Forest Fringe was set up ‘to create space in the midst of the Edinburgh festival for artists, directors and writers to play and experiment’, and 2009 saw its third season. There’s been a steady build over three years, with a healthy mix of established artists, presenting works in progress and artists at all stages of development trying out new ideas or experimenting with new ways of working. The sheer volume of work on offer seemed overwhelming at times, the Forest Café a buzzing hive of activity day and night. And this year the festival spread out onto the streets and sites of Edinburgh (Rotozaza’s Wondermart at the supermarket; Home Sweet Home in a shopping centre; Bootworks’ Black Box on the streets). In residence nightly were Little Bulb Theatre, presenting an everchanging version of their new folk-musical, Sporadical – a fine festival romp replete with cardboard props and Am-Dram operatics. Other highlights included a lovely show (presented as a part of a day of work made in Bristol) by young company Tinned Fingers: Our Daddys Ears (sic) featured storytelling in many forms –verbal, visual, physical – with the audience embroiled in the creating of the story (about human identity, and survival), blowing up balloons, operating the CD player, wearing the animal ears…

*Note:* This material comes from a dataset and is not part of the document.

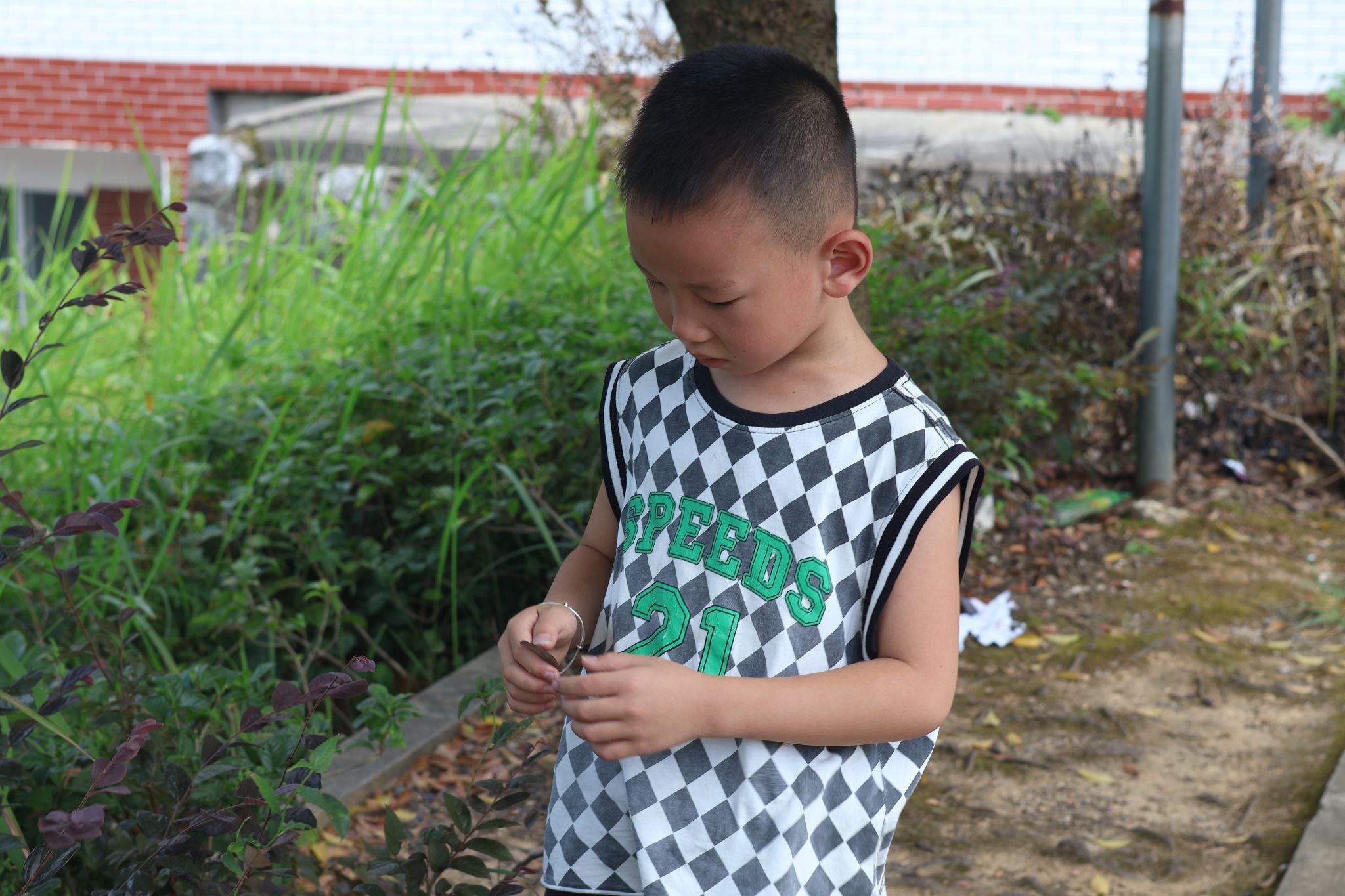 图为在夏日瓶子贴纸DIY课程中,学生捡拾校园树叶用于贴纸作品创造。
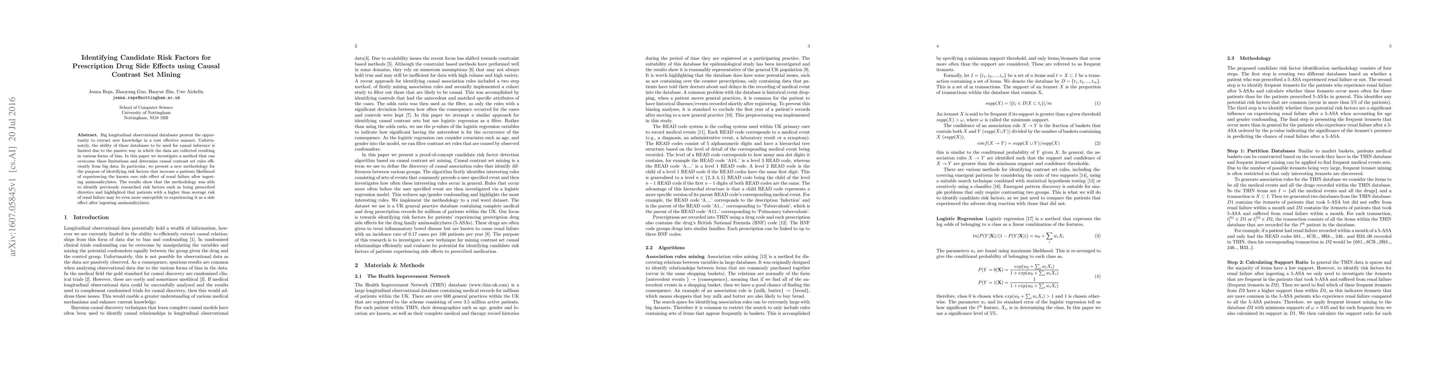 Big longitudinal observational databases present the opportunity to extract new knowledge in a cost effective manner. Unfortunately, the ability of these databases to be used for causal inference is limited due to the passive way in which the data are collected resulting in various forms of bias. In this paper we investigate a method that can overcome these limitations and determine causal contrast set rules efficiently from big data. In particular, we present a new methodology for the purpose of identifying risk factors that increase a patients likelihood of experiencing the known rare side effect of renal failure after ingesting aminosalicylates. The results show that the methodology was able to identify previously researched risk factors such as being prescribed diuretics and highlighted that patients with a higher than average risk of renal failure may be even more susceptible to experiencing it as a side effect after ingesting aminosalicylates.

One of my favourite shows, and one which in many ways epitomises the spirit of the Forest Fringe, was a piece made by Shunt artist Mischa Twitchin in collaboration with Tom Duggan and Tom Lyall – I Wonder Sometimes Who I Am.
We sit in complete darkness (or at least as complete as the Forest Fringe can manage), and we are surrounded by sound. The sound penetrates the darkness, wraps us, comforts and disturbs us, is somehow inside us and outside of us. Schoenberg’s music – degenerate music, as the Nazis would have it – is everywhere, all around us, wonderfully crackly, the early gramophone it is played on adding its own layers to the sound. And those trademark Schoenberg declaimed lyrics… the odd and lovely songs, the melancholy voices of fallen angels. There are other voices too; phrases of spoken language, mostly fast and German, sometimes slow and English; multi-layered, the phrases merging with the music to make a different sort of music. A political rally, raised voices, chanting. Now a gentle voice reflective, musing: ‘I wonder sometimes who I am…’ It’s as if we are listening to one radio broadcast, and there’s at least two others playing at the same time. This feels familiar – I often go to sleep listening to Radio 3… Is there something in the room? It’s hard to tell what’s seen and what’s imagined – in the darkness, imagination and memory merge, ideas are animals. Everything is seen, everything is real. Is this what Schoenberg means by ‘sounds for the eyes’? A ‘transfigured night’. Out of the darkness come flashes of light. A desk lamp switched on/switched off. Illumination: a pair of hands, naked, wringing out their sorrows. Now one hand bare, one hand gloved in black leather; now both hands blood-red. When there’s nothing but the hands, the hands become the face, the body. Later, a burst of flame leaps out of the darkness; surrounded by blackness, it feels like a great conflagration. The destruction of Dresden, Coventry.
Schoenberg, like all who are exiled, sits between cultures. He’s on the edge of the Old and New Worlds. A Romantic and a Modernist. I Wonder Sometimes Who I Am explores the liminal – the point of change between light and dark, between ‘meaning’ and ‘feeling’, between consciousness and unconsciousness. Leaving the performance space, the question to ask is not ‘what does it mean?’ but ‘how do I feel?’ I feel like I’ve been on a journey, that my head has been filled, that I’ve sat and watched pictures flickering in the fire, that I’ve travelled through time, that I’ve made a greater acquaintance with the subject of the piece, Schoenberg.
Artaud talked of making a theatre that honoured the profound, poetic bearing of dreams – I Wonder Sometimes Who I Am comes closer than most to that ideal. A beautiful, entrancing piece that makes colourful pictures with sound, and suggests lost worlds with pictures that we are not sure if we really saw or merely imagined… synaesthesia for the soul.